The principle followed for null hypothesis testing is basically collecting the data and determining the chances of a given set of data during the study on any given random sample, assuming that the null hypothesis is true.

 If suppose that the given data does not face the expected null hypothesis, then the outcome we will get will be quite weaker and they conclude that by saying that the given set of data does not provide strong evidence against the null hypothesis which is because of insufficient evidence. Finally, this leads to null hypothesis rejection.

Null Hypothesis Example-

• There may be a possibility of getting deceased by typhoid but the possibility may not 100%.

• There is no age limit to using mobile phones so that a person can access the internet.

• Having an apple a day does not obviously confirm not getting a fever, but apple helps to boost immunity to fight against the disease.

Null Hypothesis Formula or How Do You Find The Null Hypothesis :

Let’s discuss the null hypothesis formula:

Here, the null hypothesis formula are given below.
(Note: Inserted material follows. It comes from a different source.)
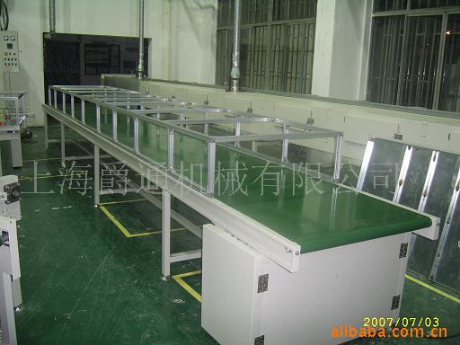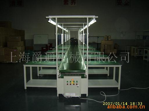 | 皮带输送机使用与电子产品的装配现场、本设备主架采用钢构、表面喷塑处理、皮带采用进口、动力采用台湾品牌;线体结构及使用效果根据客户要求定制 |

The formula for the null hypothesis can be written:

H0:  p = p0

The formula for the alternative hypothesis can be written as:

Ha = p >p0, and < p0≠ p0

The formula for the test static is denoted by:

Z =  \[\frac{P – P_{0}}{\sqrt{\frac{P_{0}(1 – P_{0})}{n}}}\] 

Remember that, p0 here is the null hypothesis.

Examples of Null Hypothesis:

Here are some of the examples. These examples will help you understand the concept of null hypothesis in a better way. You will understand what leads to null hypothesis rejection.

If suppose there is a medicine that reduces the risk of cardiac stroke, then the null hypothesis should be “that the medicine does not reduce the chance of cardiac stroke”. This testing can be performed by the administration of a drug to a specific group of people in a controlled way. If the survey shows that there is a significant change in the people, then this leads to null hypothesis rejection.

Few more examples let’s see the examples listed down:

1). Is there a 100% chance of getting affected by dengue?

Answer: There could be chances of getting affected by dengue but the chances of getting affected by dengue are not 100%.

2). Do teenagers these days use mobile phones more than adults to access the internet?

Answer: Age has no limit and is not a factor that we can use mobile phones to access the internet.

3). Does having the fruit apple daily will not cause fever?

Answer: Having apple daily does not assure of not having fever, but on the other hand it does increase the immunity to fight against such diseases.

4). Are children better in performing mathematical calculations than adults?

Answer: Again in this example too, age has no effect on Mathematical skills.